New Delhi (ABC Live): In India, a recurring trend emerges after elections, where various opposition parties allege that Electronic Voting Machines (EVMs) have been manipulated by the incumbent government. Consequently, they demand a return to voting through paper ballots instead of relying on EVMs. The integration of Electronic Voting Machines into the democratic process in India marks a significant shift from the use of paper ballots.

Historically, India utilized paper ballots until the 1990s when the Election Commission of India, under the leadership of T.N. Seshan, introduced Electronic Voting Machines in the country's electoral system. The adoption of EVMs sparked debates and legal challenges, with the judiciary becoming a central arena for addressing concerns related to electronic voting.

Electronic Voting Machines and their compatibility with Indian laws, including the Representation of People Act 1951, became the subject of several court cases. In the 1980s, even before the widespread use of EVMs, the AC Jose vs. Sivan Pillai case sought a stay order on their use in Kerala elections. The Supreme Court, in its ruling on March 5, 1984, asserted that existing laws specified paper ballots and prohibited the use of alternative technologies, including electronic voting.

The initial use of EVMs on an experimental basis occurred in selected constituencies of Rajasthan, Madhya Pradesh, and Delhi. The Supreme Court emphasized that adopting an alternate technology would necessitate an amendment to Indian parliamentary laws. Consequently, the Representation of People Act was amended in December 1988, introducing Section 61A, which empowered the Election Commission to deploy voting machines instead of paper ballots. This amendment became effective from March 15, 1989.

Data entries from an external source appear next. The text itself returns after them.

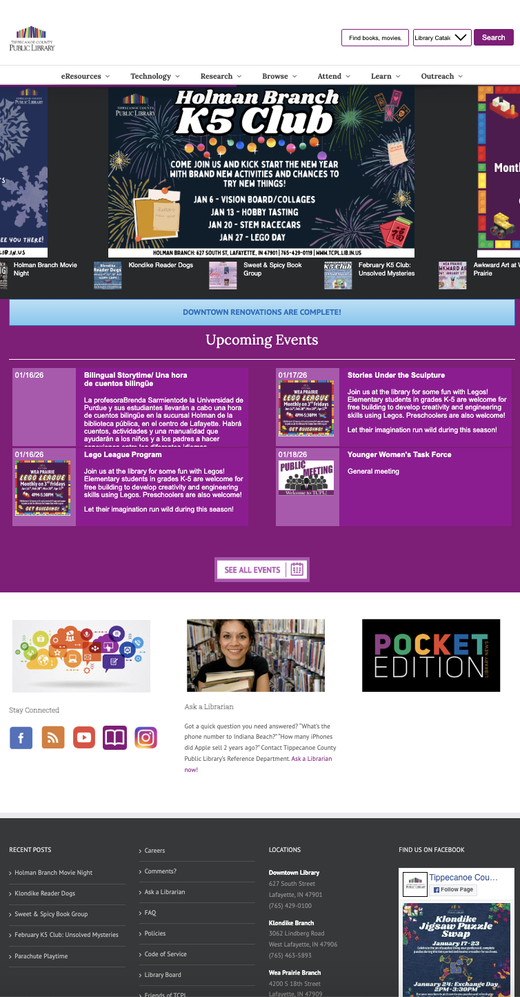 The Tippecanoe County Public Library connects the Lafayette area with entertainment, enrichment, and education. They offer classes, events, storytimes, book clubs, and much more to people of all ages and interests to encourage lifelong learning. This new visual identity captures the diversity of services available at the library, while also giving a modern rebranding to an established community treasure.
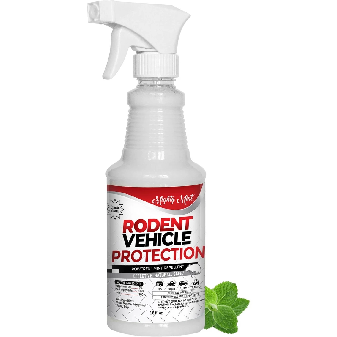 Pure Origins Mighty Mint Vehicle Rodent Repellent is the natural way to protect vehicle interiors and exteriors from rodent damage. The spray is made with high-strength peppermint essential oil, a proven deterrent for mice and other rodents. This Northwest peppermint in particular has a smell that is pleasant to humans but irritating to unwanted pests. For best results, use as a preventative measure before rodents have nested.
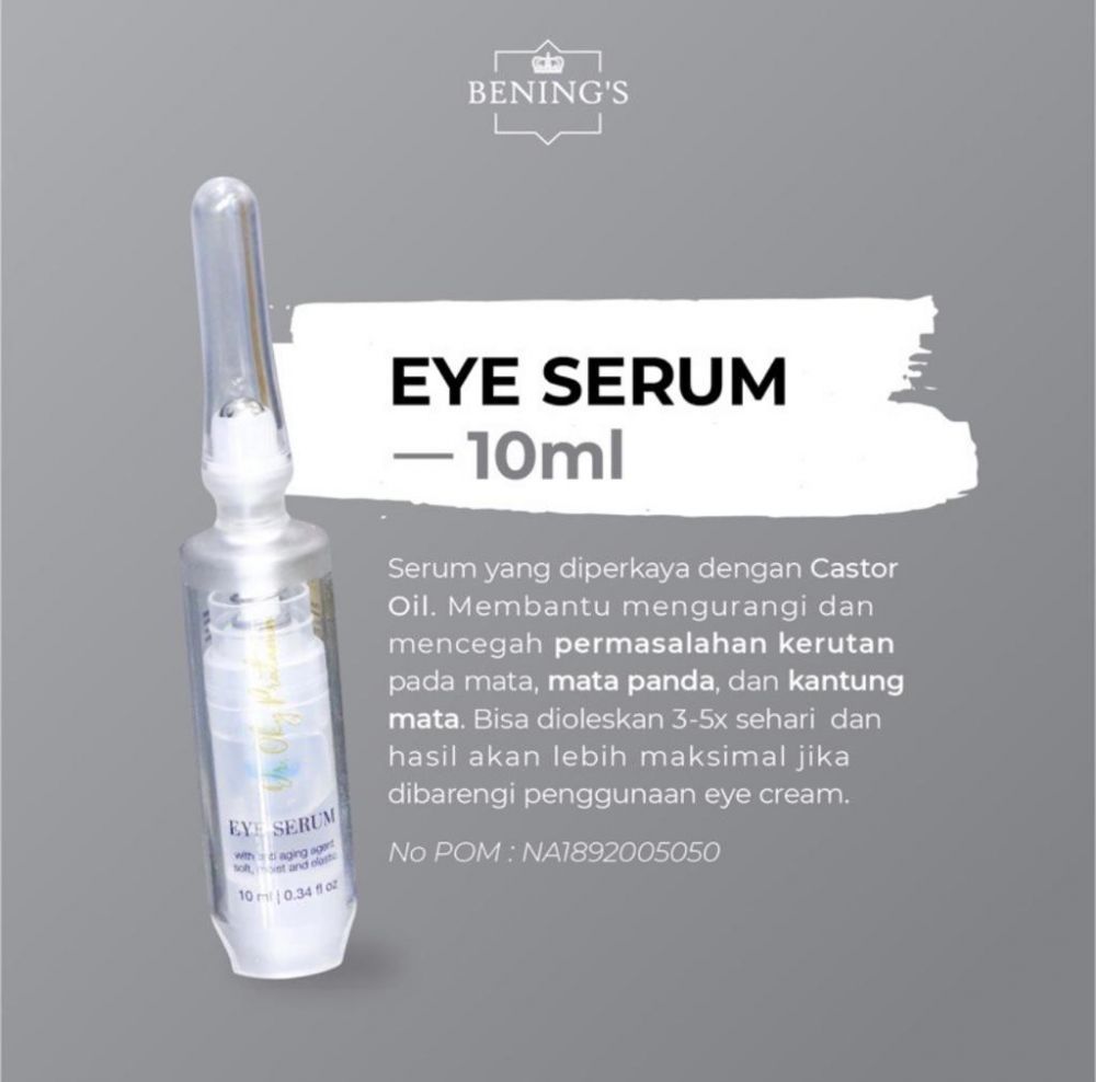 Klinik kecantikan Benings Clinic juga membuat skincare untuk mengatasi permasalahan kulit masyarakat. Salah satunya ada eye serum.
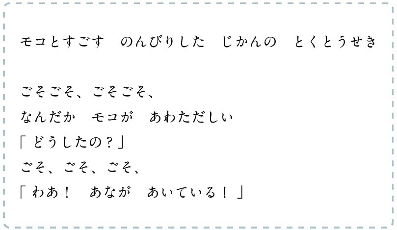 主人公あこと飼い犬のモコは昼下がりに緞通で寝転がりながらゆっくり過ごすことが至上の時間。ある日、モコが何かを発見!

Despite the legal framework supporting EVMs, their reliability and concerns about potential fraud have continued to be contested in various lawsuits before state high courts and the Supreme Court of India. The judiciary has either dismissed many cases as frivolous or ruled in favour of the Election Commission and the legitimacy of EVMs. Notably, in the 2002 ruling on the J. Jayalalithaa and Ors vs. Election Commission of India case, the Supreme Court declared the use of EVMs in elections as constitutionally valid.